● **SUPPLIED MATERIAL**
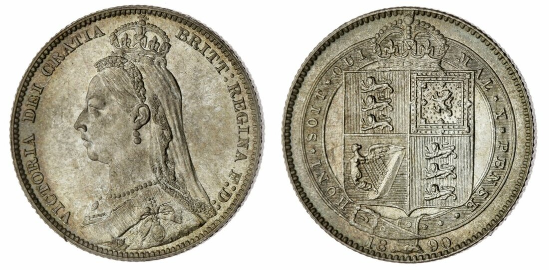 Victoria (1837-1901), 'Jubilee' Shilling, 1890 (Spink 3927; ESC 3144(1357)), choice mint state
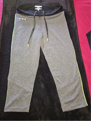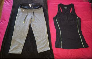 Conjunto deportivo de Pull&Bear que incluye mallas y camiseta. - Mallas grises de corte capri. - Camiseta negra tipo top. - Detalles de costuras en color verde lima.
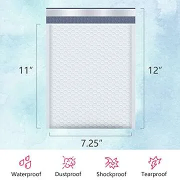 Show more Experience the exceptional quality and design of the UCGOU Opaque Poly Bubble Mailers, the ultimate solution for your shipping needs. This product combines functionality and style, making it a standout choice for small to medium businesses. Each mailer boasts an outer size of 7.25x12 inches, with an inner size of 7.25x11 inches, ensuring ample space for your valuable items. The full air bubbles provide enhanced protection against external impacts, allowing your products to arrive safely and intact. Not only does the gray inner lining block visibility, even under bright light, it also ensures the confidentiality of your shipments.
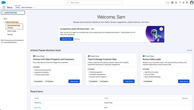 Step Two: Search in the Quick Find box in the top left for External Client App Manager and select the External Client App Manager option under Apps; External Client Apps
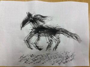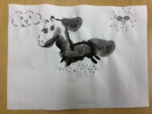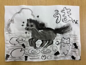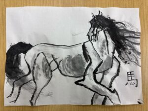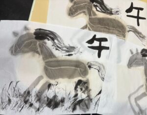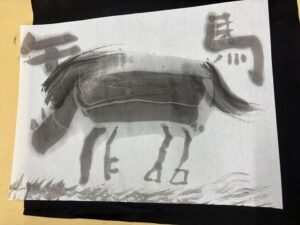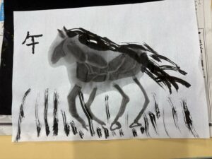 みなさんこんにちは、子どもクラス担当の中島です。 こどもクラスでは今、墨を使った馬の水墨画に挑戦しています。
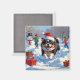 Japanese Chin Running in Snow with Christmas Hat Magnet
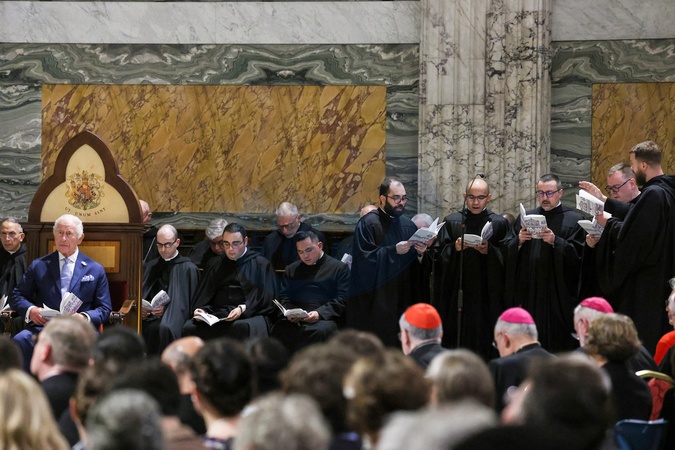 King Charles III and Queen Camilla visit the Papal Basilica and Abbey of St. Paul's Outside the Walls to attend an ecumenical service in recognition of His Majesty becoming 'Royal Confrater' of the Abbey of St Paul's. The Children of the Choir of His Majesty's Chapel Royal and the Choir of St. George's Chapel, Windsor, will perform. Rome, Italy 23 Oct 2025 *** Local Caption *** ROME, I - OCTOBER 23: King Charles III and Queen Camilla leave St. Paul Basilica after an ecumenical Service of Prayer on October 23, 2025 in Rome, Italy. During this historic State Visit, King Charles III and Queen Camilla will meet Pope Leo XIV for the first time since he was elected in May 2025. The King and Queen will join the Catholic Church's 2025 Jubilee Year celebrations, during which the heads of the Catholic Church and Church of England will pray together, the first time the British monarch and pontiff have done so at a church service since the English Reformation. (Photo by Franco Origlia/Getty Images), Credit:Franco Origlia / Avalon
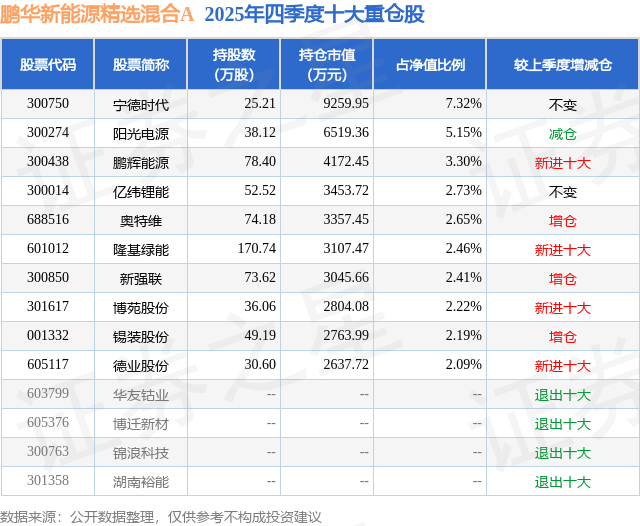 鹏华新能源精选混合A的前十大重仓股如下:
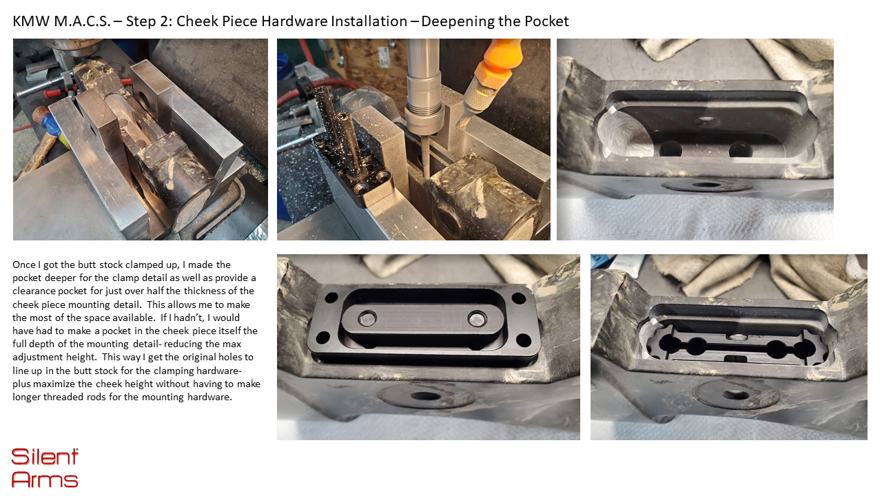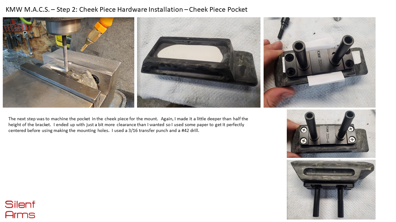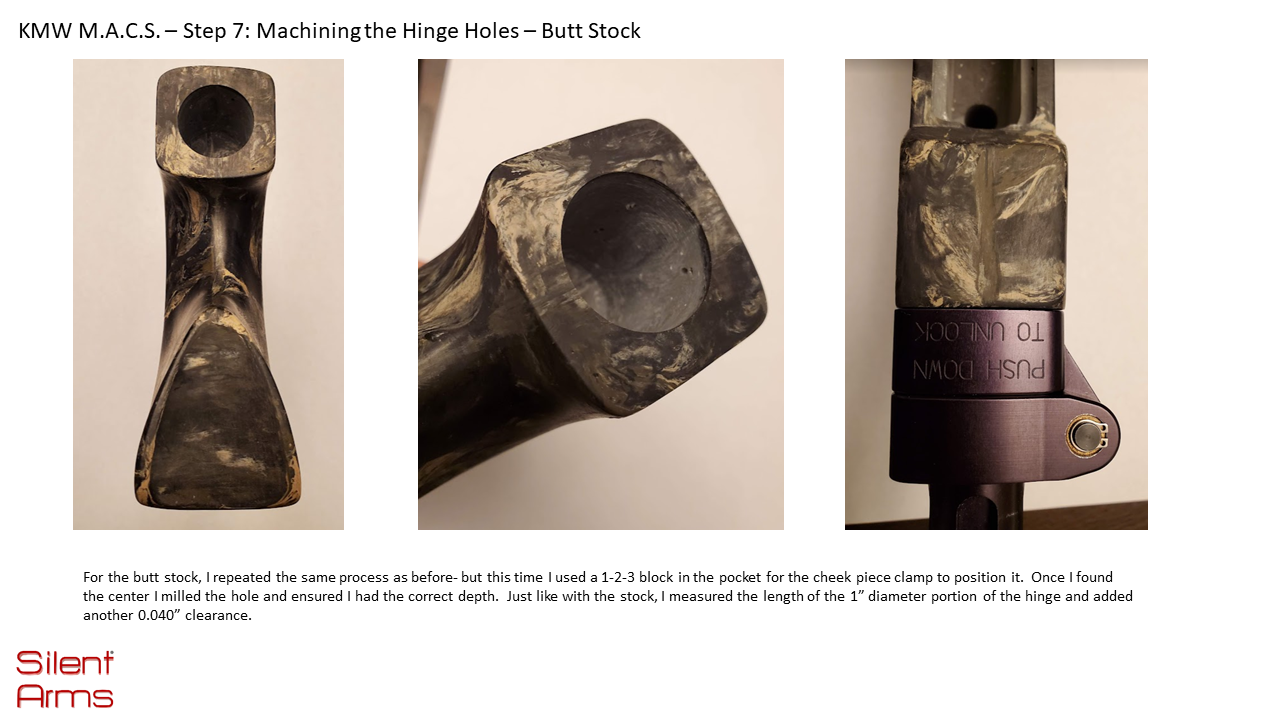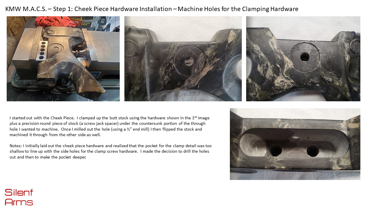 I need to machine the dog bone and drill, drill 1" in folder, and mine is pretty much together. I did go about .020" wide on the Cheek Piece and slightly broke through to the finger groves in it. (Know a guy that can fix it so I'm not too worried).
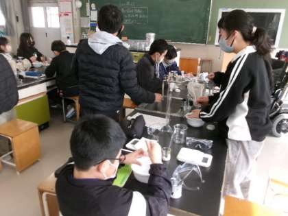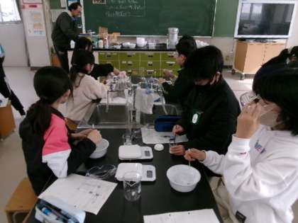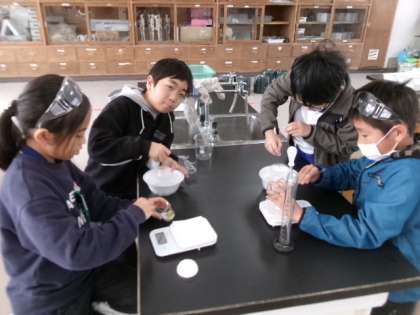 5年生が理科室で「ものの溶け方」の実験をしていました。結果は予想通りでしたか?
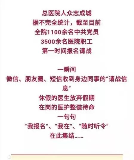 “有任务绝对不推辞,主动要求上前线。”当动员令发布之后,总医院人众志成城,据不完全统计,全院1100余名共产党员、3500余名医院职工报名请战,
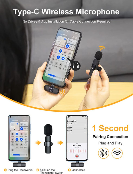 ASILEX Wireless Lavalier Microphone for Type-C Phone, 2 PCS Mini Microphone, Professional Wireless Lapel Microphone, Android USB C Microphone for Video Recording
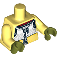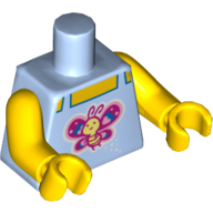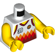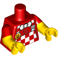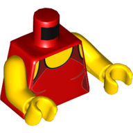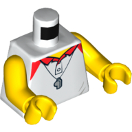 - Nom : Torso - White Polka Dot Shirt with 3 Red Buttons - Blue Suspenders and Red Polka Dot Bow Tie Print - Yellow Right Arm / Red Left Arm - Yellow Hands
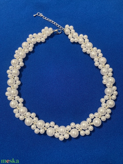 Elegáns gyöngy nyaklánc, ezüst-fehér színben
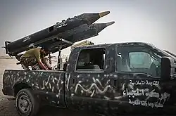 New types of IRAMs including Volcano rockets[11] and Elephant rockets,[12][13][14] have been used during the Syrian Civil War by both the government and the rebels as well as by the IS forces in Syria and elsewhere. In the 2016–2017 Battle of Mosul, the Iraqi interior ministry's Rapid Response Division utilized IRAMs mounted on Humvees against IS.[15]
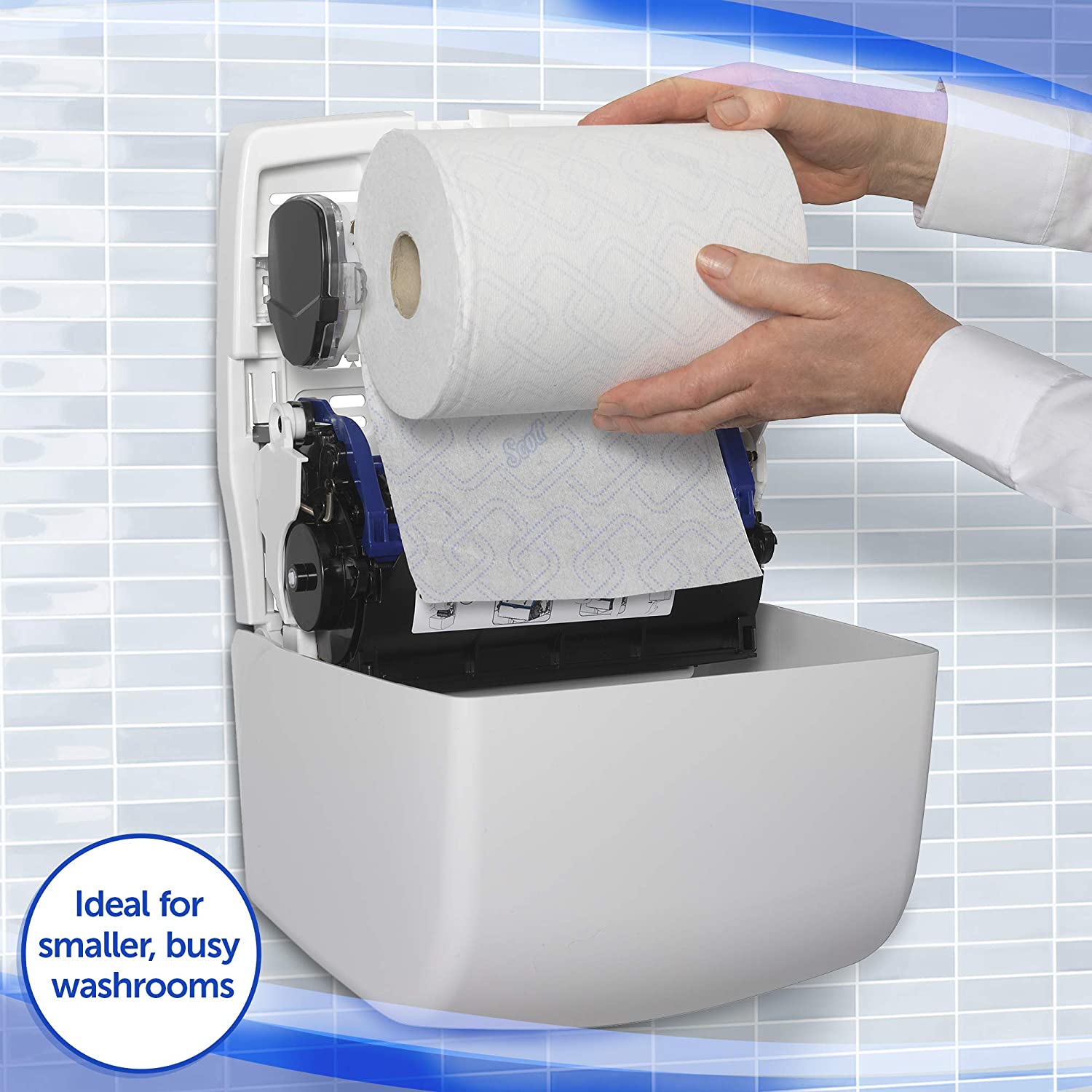This roll paper towel dispenser, with never-run-out 'stub roll' feature for a continuous rolled towel supply, is ideal for busy washrooms where consistency is key. The sleek and smooth rounded design of this towel roll dispenser has no dirt traps, allowing an easy one-wipe clean for improved washroom hygiene. This slim paper towel dispenser offers advanced protection against cross-contamination and is the most hygienic dispenser versus the competition. The paper towel roll dispenser delivers controlled single-sheet dispensing so users only touch the product they use, reducing contamination. Single-sheet dispensing also minimises waste, helping to cut unnecessary costs. Our touch-free dispensers reduce the risk of cross-contamination.
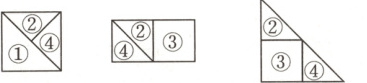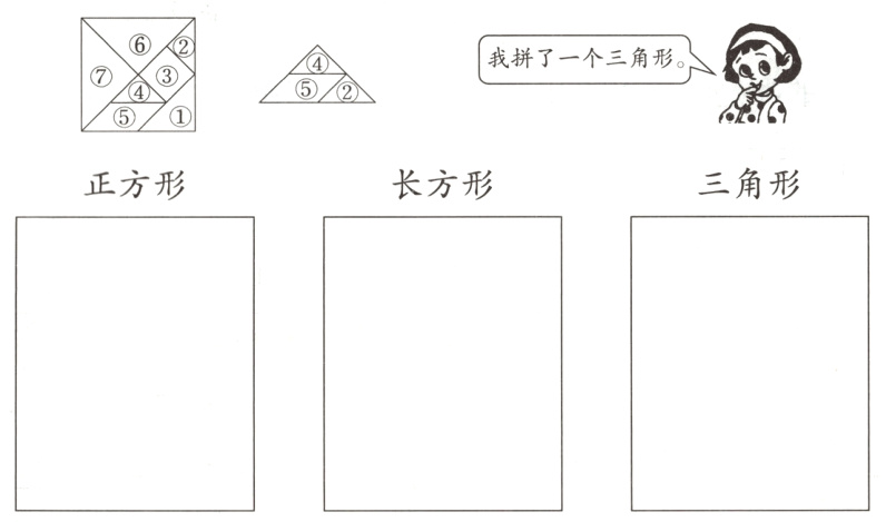 3. 下图是一副七巧板,贝贝用其中的三块拼了一个三角形。请你也每次选三块,拼出下面的图形。(9分)

● **ACTIVITY**
Return the records verbatim, minus pictures.

● **ANSWER TO THE EXERCISE**
 Victoria (1837-1901), 'Jubilee' Shilling, 1890 (Spink 3927; ESC 3144(1357)), choice mint state
 Conjunto deportivo de Pull&Bear que incluye mallas y camiseta. - Mallas grises de corte capri. - Camiseta negra tipo top. - Detalles de costuras en color verde lima.
 Show more Experience the exceptional quality and design of the UCGOU Opaque Poly Bubble Mailers, the ultimate solution for your shipping needs. This product combines functionality and style, making it a standout choice for small to medium businesses. Each mailer boasts an outer size of 7.25x12 inches, with an inner size of 7.25x11 inches, ensuring ample space for your valuable items. The full air bubbles provide enhanced protection against external impacts, allowing your products to arrive safely and intact. Not only does the gray inner lining block visibility, even under bright light, it also ensures the confidentiality of your shipments.
 Step Two: Search in the Quick Find box in the top left for External Client App Manager and select the External Client App Manager option under Apps; External Client Apps
 みなさんこんにちは、子どもクラス担当の中島です。 こどもクラスでは今、墨を使った馬の水墨画に挑戦しています。
 Japanese Chin Running in Snow with Christmas Hat Magnet
 King Charles III and Queen Camilla visit the Papal Basilica and Abbey of St. Paul's Outside the Walls to attend an ecumenical service in recognition of His Majesty becoming 'Royal Confrater' of the Abbey of St Paul's. The Children of the Choir of His Majesty's Chapel Royal and the Choir of St. George's Chapel, Windsor, will perform. Rome, Italy 23 Oct 2025 *** Local Caption *** ROME, I - OCTOBER 23: King Charles III and Queen Camilla leave St. Paul Basilica after an ecumenical Service of Prayer on October 23, 2025 in Rome, Italy. During this historic State Visit, King Charles III and Queen Camilla will meet Pope Leo XIV for the first time since he was elected in May 2025. The King and Queen will join the Catholic Church's 2025 Jubilee Year celebrations, during which the heads of the Catholic Church and Church of England will pray together, the first time the British monarch and pontiff have done so at a church service since the English Reformation. (Photo by Franco Origlia/Getty Images), Credit:Franco Origlia / Avalon
 鹏华新能源精选混合A的前十大重仓股如下:
 I need to machine the dog bone and drill, drill 1" in folder, and mine is pretty much together. I did go about .020" wide on the Cheek Piece and slightly broke through to the finger groves in it. (Know a guy that can fix it so I'm not too worried).
 5年生が理科室で「ものの溶け方」の実験をしていました。結果は予想通りでしたか?
 “有任务绝对不推辞,主动要求上前线。”当动员令发布之后,总医院人众志成城,据不完全统计,全院1100余名共产党员、3500余名医院职工报名请战,
 ASILEX Wireless Lavalier Microphone for Type-C Phone, 2 PCS Mini Microphone, Professional Wireless Lapel Microphone, Android USB C Microphone for Video Recording
 - Nom : Torso - White Polka Dot Shirt with 3 Red Buttons - Blue Suspenders and Red Polka Dot Bow Tie Print - Yellow Right Arm / Red Left Arm - Yellow Hands
 Elegáns gyöngy nyaklánc, ezüst-fehér színben
 New types of IRAMs including Volcano rockets[11] and Elephant rockets,[12][13][14] have been used during the Syrian Civil War by both the government and the rebels as well as by the IS forces in Syria and elsewhere. In the 2016–2017 Battle of Mosul, the Iraqi interior ministry's Rapid Response Division utilized IRAMs mounted on Humvees against IS.[15]
This roll paper towel dispenser, with never-run-out 'stub roll' feature for a continuous rolled towel supply, is ideal for busy washrooms where consistency is key. The sleek and smooth rounded design of this towel roll dispenser has no dirt traps, allowing an easy one-wipe clean for improved washroom hygiene. This slim paper towel dispenser offers advanced protection against cross-contamination and is the most hygienic dispenser versus the competition. The paper towel roll dispenser delivers controlled single-sheet dispensing so users only touch the product they use, reducing contamination. Single-sheet dispensing also minimises waste, helping to cut unnecessary costs. Our touch-free dispensers reduce the risk of cross-contamination.
 3. 下图是一副七巧板,贝贝用其中的三块拼了一个三角形。请你也每次选三块,拼出下面的图形。(9分)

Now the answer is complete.